Не менее важным для судебного расследования полагал Жан Боден и поиски так называемой метки дьявола на теле предполагаемой ведьмы или колдуна, хотя и предупреждал своих читателей, что найти подобный след очень непросто, поскольку обычно располагается он в потайных местах[1128]. И хотя очень многие европейские демонологи полностью разделяли точку зрения прославленного французского юриста, метки все же не относились к собственным отличительным чертам подозреваемых в занятиях колдовством и ничего не давали для понимания того, как выглядели эти люди в обычной жизни, т. е. до того, как бывали арестованы, обысканы и осмотрены в тюрьме или в суде[1129].
Что же касается самой внешности предполагаемых ведьм и колдунов и особенностей их мимики, то можно было бы предположить, что французская судебная практика эпохи позднего Средневековья и раннего Нового времени также обращала большее внимание на действия обвиняемых, а не на их физиогномику. Такая гипотеза вполне имела бы право на существование, поскольку во Французском королевстве уже с конца XIV столетия колдовство считалось особо тяжким уголовным преступлением, и его расследованием занимались исключительно светские суды, для которых на первом месте оказывалась не общая греховность человека, но его конкретные злодеяния[1130].

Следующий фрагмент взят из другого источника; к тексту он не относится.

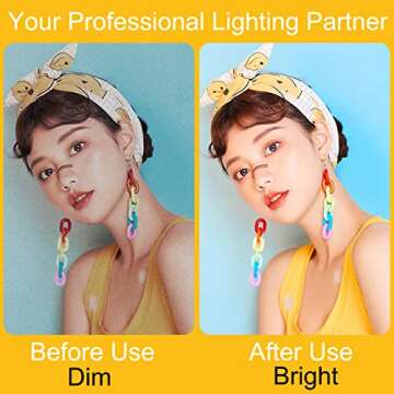 This innovative ring light is designed for everyone looking to elevate their online presence. Equipped with **3 color modes** and a staggering **10 brightness levels**, it caters to all your lighting needs, ensuring that you always look your best by eliminating unflattering shadows. This is the perfect dimmable lighting for makeup application, social media content creation, and product photography – a true game changer for anyone who regularly engages in videography.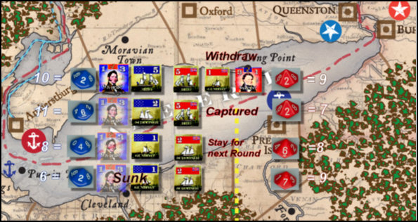 Both sides have ships remaining on the lake in their expeditions. Since the British are the defenders they first decide whether they will remain on the lake to continue combat or withdraw to a port. They correctly decide to withdraw since they are outnumbered and the American player has some higher-rated ships with a tremendous advantage in tactical leadership now that Barclay has withdrawn. The combat ends with the American ER expedition in control of the lake. Oliver Hazard Perry’s sends his famous message to Congress, “We have met the enemy and they are ours!”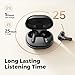 [Durable Battery and Easy Charge] The battery is durable and within about 1-2 hours the earbuds and the charging case can be refilled with USB-C charge. With 8 hours per charge of listening time and another 2.8 recharges can boost up your enjoyment up to 30 hours by the charging case. It can be used for several pupose daily and weekly for studying, commuting, workout, leisure hours, etc. (Note: Not active noise cancelling earbuds and not support wireless charge)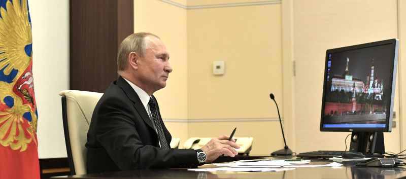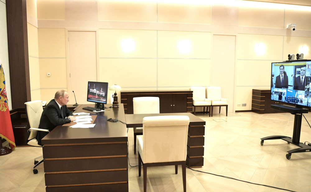 Her ses præsidenten i færd med en videokonference, og i venstre side på skrivebordet står en tændt pc-skærm, hvor XP’s lyseblå taskbar lyser nydeligt op under et aftenbillede af Kreml med løgkupler og hele udtrækket.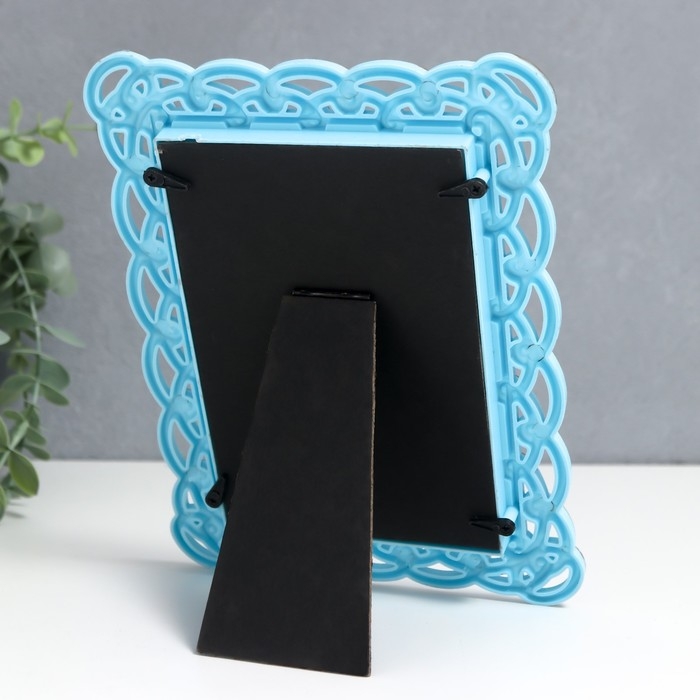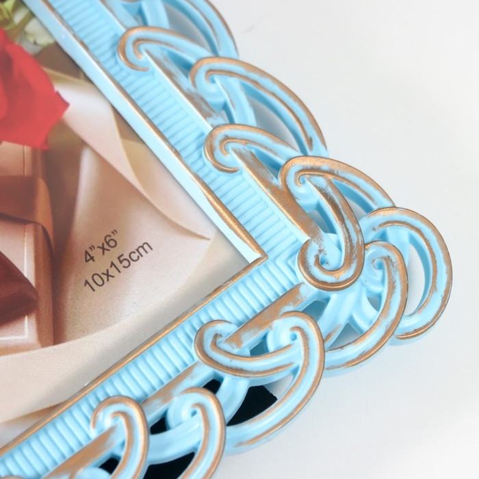 Фоторамка пластик 10х15 см "Вязаная" голубая с золотом 20,5х15,5 см

Тем не менее, данное обстоятельство не объясняет полностью особенности французской демонологии. Поскольку в XVI–XVII вв. существовал по крайней мере еще один регион, где суды также являлись светскими, но внимание внешности ведьм (и, в частности, их лицам) уделялось самое непосредственное — точно так же, как во многих поучительных «примерах» уделялось внимание физиогномике грешника, подчинившего свою жизнь дьяволу.
Этой западноевропейской страной было Английское королевство, где охота на ведьм, как мы уже знаем, началась только с конца XVI в. и где демонологическая теория развивалась во многом под влиянием континентальных концепций[1131]. Тем не менее — в отличие от своих альпийских, бургундских и французских коллег — местные судьи и знатоки колдовства уделяли совершенно особое внимание проблеме физиогномики ведьм и колдунов. Они описывали их самым подробнейшим образом, и очень часто эти словесные «портреты» напоминали те, что затем возникали в волшебных нарративах.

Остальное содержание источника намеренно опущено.